There was no response other than the white noise of water blasting into the bath.
‘Game’s up, Lock,’ he announced, a little louder this time.
The curtain didn’t even move. Cautiously, Cowboy dropped his right foot back and reached out with his left hand towards the shower curtain. He yanked it to one side.
The shower was running but the bath was empty. He whipped round, expecting to see Lock standing behind him, but he was alone in the bathroom. He took a deep breath, tipped his hat back on his head and swiped the moisture that had gathered on his face from the hot blast of the shower away from his eyes.

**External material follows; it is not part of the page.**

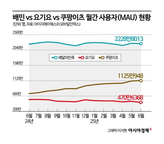 지난달 MAU 배민 2229만, 쿠팡이츠 1125만 기록…격차 더 좁혀져

Then he stepped out of the bathroom.
He was sideways on to the door leading into the room when the bullet slammed into his neck with a wet thud.
Lock walked over and toe-poked Cowboy’s limp corpse. Behind him, Ty looked on.

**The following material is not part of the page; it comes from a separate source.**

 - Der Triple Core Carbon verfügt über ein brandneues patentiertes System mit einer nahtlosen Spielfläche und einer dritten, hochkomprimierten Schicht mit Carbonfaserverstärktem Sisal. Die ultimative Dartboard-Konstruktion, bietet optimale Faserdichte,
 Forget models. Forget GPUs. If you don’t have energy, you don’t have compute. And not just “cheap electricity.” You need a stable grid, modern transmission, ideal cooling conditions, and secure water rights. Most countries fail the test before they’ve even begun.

‘Wrong room, asshole,’ Lock said. ‘I’m staying in 427.’
‘One down,’ said Ty.
Lock nodded. ‘Coburn can’t be far behind.’ He stared down at Cowboy’s body, noting the tiny shamrock tattoo on his right hand. ‘Let’s get him moved.’
Together, they dragged Cowboy into the bathroom, leaving a smear of blood on the carpet, which didn’t matter, Lock concluded. Coburn would be expecting blood, and, contrary to the white supremacists’ beliefs, one man’s blood looked the same as any other.
With Cowboy’s body hidden from plain view, Lock handed Ty his room key card. Ty crossed the five yards to the other side of the hall to wait while Lock reset the door of room 426 with the newspaper bag. Coburn, who was surely less gullible than the dead man in the bathroom, would assume his buddy had done it.